Comcast's Streaming Data platform comprises a variety of ingest, transformation, and storage services in the public cloud. Peer-reviewed Apache Avro schemas support end-to-end data governance. We have previously reported (DataWorks Summit 2017) on how we extended Atlas with custom entity and process types for discovery and lineage in the AWS public cloud. Custom lambda functions notify Atlas of creation of new entities and new lineage links via asynchronous kafka messaging.
Recently we were presented the challenge of providing integrated data discovery and lineage across our public cloud datasources and on-prem datasources, both Hadoop-based and traditional data warehouses and RDBMSs. Can Apache Atlas meet this challenge? A resounding yes! This talk will present our federated architecture, with Atlas providing SQL-like, free-text, and graph search across select metadata from all on-prem and public cloud data sources in our purview. Lightweight, custom connectors/bridges identify metadata/lineage changes in underlying sources and publish them to Atlas via the asynchronous API. A portal layer provides Atlas query access and a federation of UIs. Once data of interest is identified via Atlas queries, interfaces specific to underlying sources may be used for special-purpose metadata mining.
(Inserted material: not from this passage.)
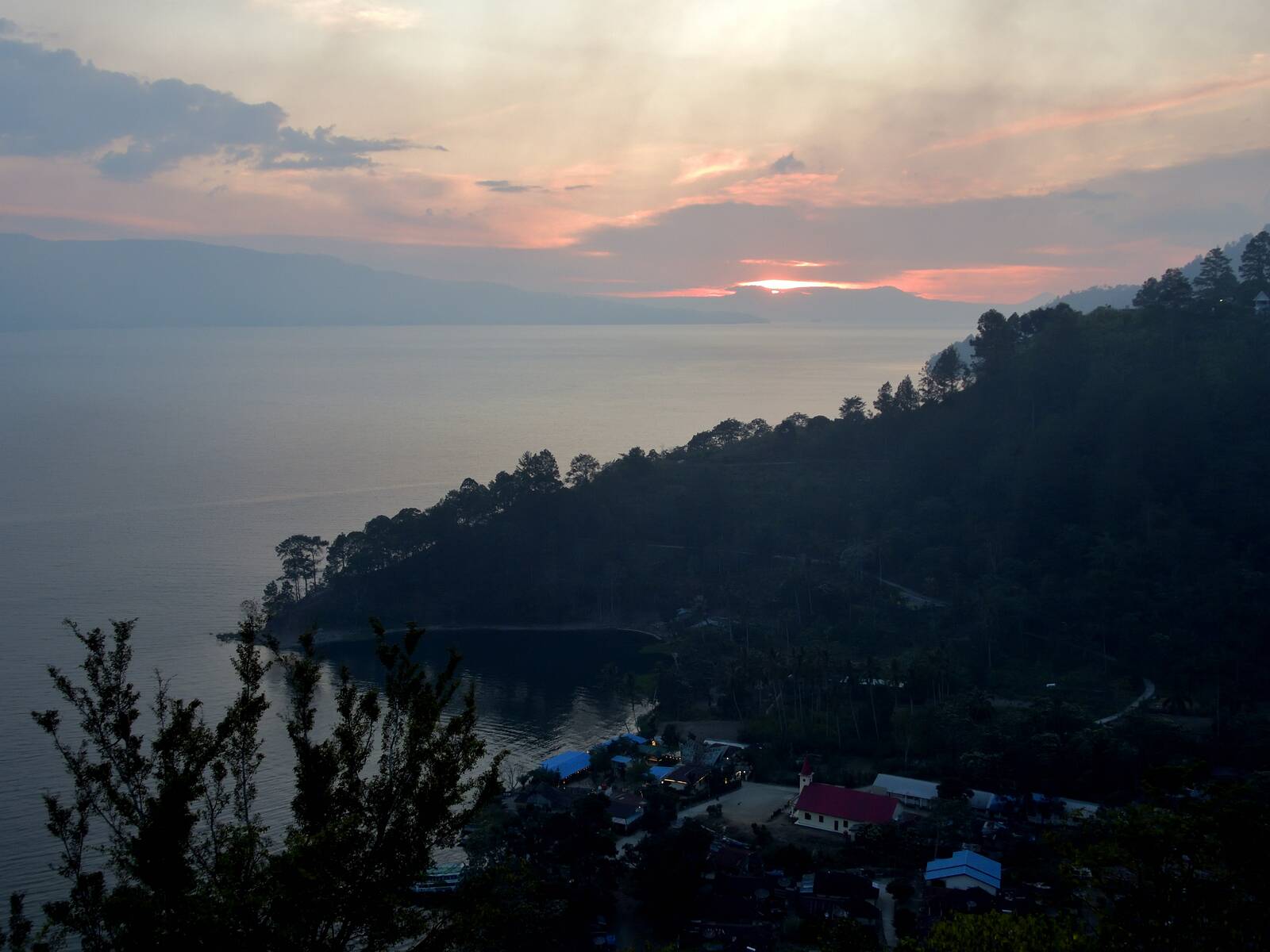 Ein kurzer Halt, um den Sonnenuntergang über dem Tobasee zu genießen.

While metadata repositories for data discovery and lineage abound, none of them have built-in connectors and listeners for the entire complement of data sources that Comcast and many other large enterprises use to support their business needs. In-house-built solutions typically underestimate the cost of development and maintenance and often suffer from architecture-by-accretion. Atlas' commitment to extensibility, built-in provision of typed, free-text, and graph search, and REST and asynchronous APIs, position it uniquely in the build-vs-buy sweet spot.